Only the lines from the one that contains "Object.notify() / Object.notifyAll() |" through the last line of the data below should be duplicated, exactly and without pictures.

## The data
.....
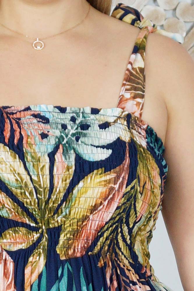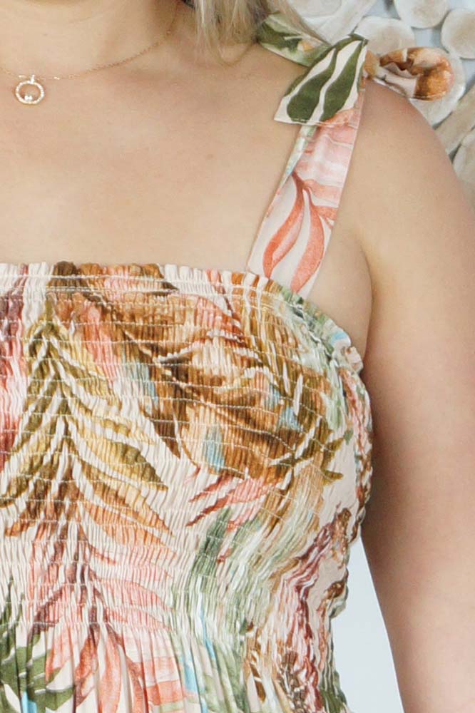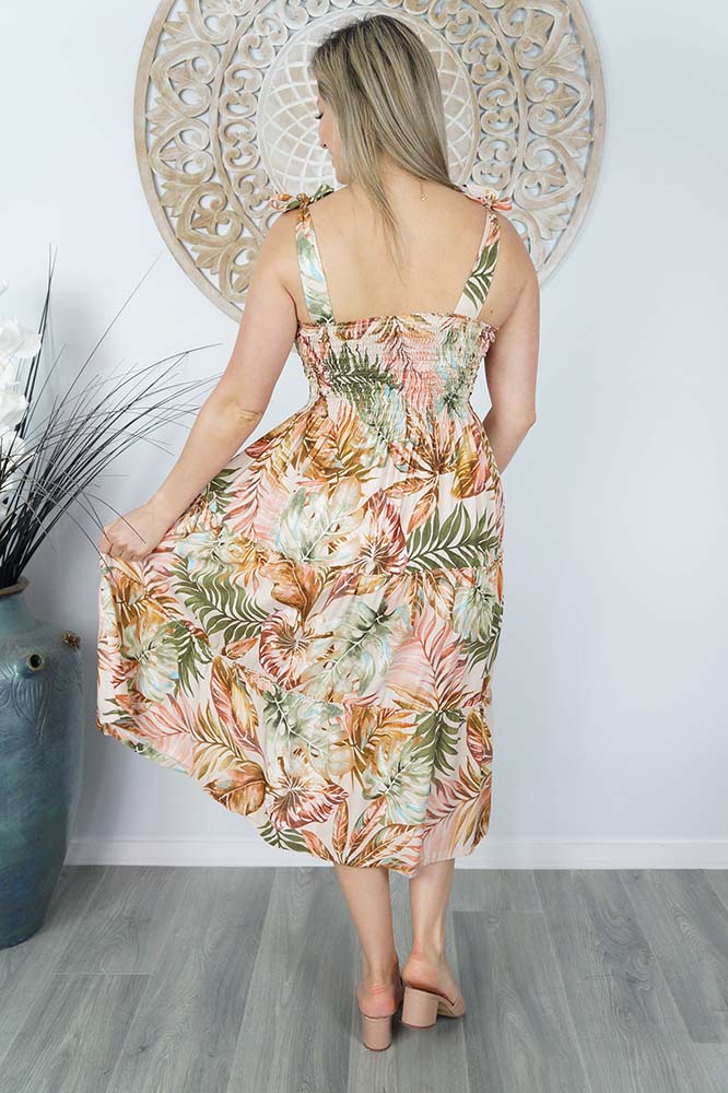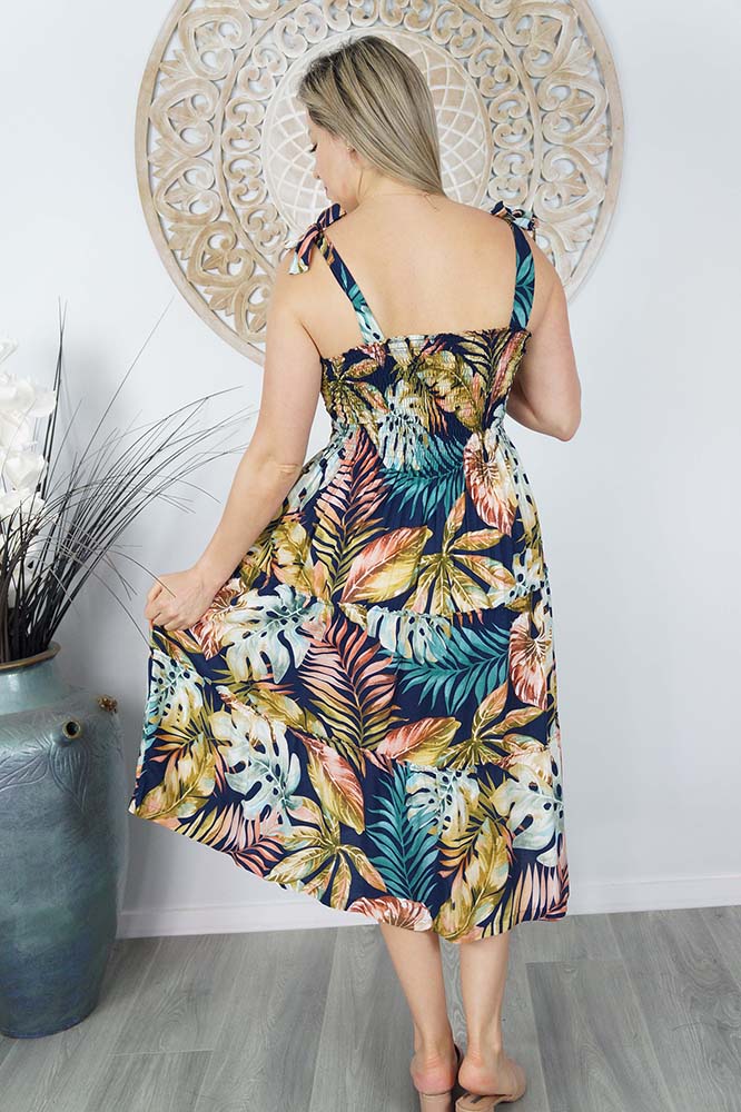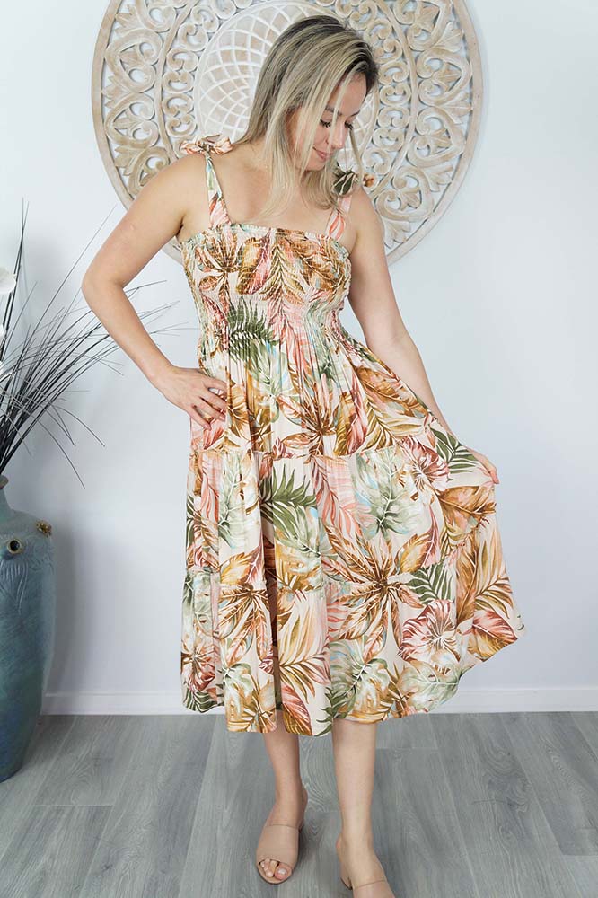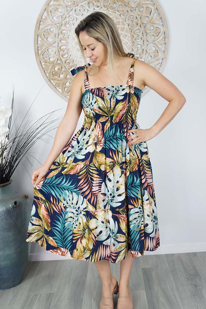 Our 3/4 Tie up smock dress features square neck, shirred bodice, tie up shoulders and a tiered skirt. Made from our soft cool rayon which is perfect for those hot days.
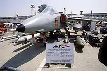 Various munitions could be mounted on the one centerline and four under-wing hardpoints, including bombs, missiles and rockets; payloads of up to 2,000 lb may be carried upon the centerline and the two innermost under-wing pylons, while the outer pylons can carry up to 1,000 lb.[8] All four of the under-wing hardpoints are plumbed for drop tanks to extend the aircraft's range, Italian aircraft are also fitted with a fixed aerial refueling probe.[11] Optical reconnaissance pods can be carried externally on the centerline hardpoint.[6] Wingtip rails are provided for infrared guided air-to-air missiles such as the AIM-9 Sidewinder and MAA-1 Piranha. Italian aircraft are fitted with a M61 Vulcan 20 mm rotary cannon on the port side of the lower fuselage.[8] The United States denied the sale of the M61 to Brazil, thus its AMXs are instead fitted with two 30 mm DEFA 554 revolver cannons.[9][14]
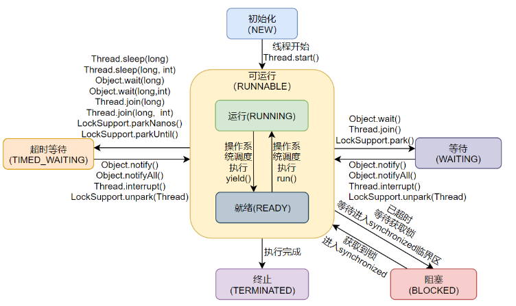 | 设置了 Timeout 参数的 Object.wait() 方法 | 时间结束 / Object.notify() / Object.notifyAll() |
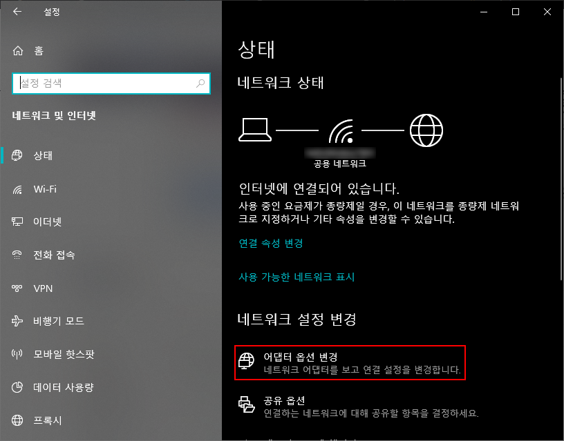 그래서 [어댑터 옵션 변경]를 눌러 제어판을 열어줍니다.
.....
## Solution to this exercise
 | 设置了 Timeout 参数的 Object.wait() 方法 | 时间结束 / Object.notify() / Object.notifyAll() |
 그래서 [어댑터 옵션 변경]를 눌러 제어판을 열어줍니다.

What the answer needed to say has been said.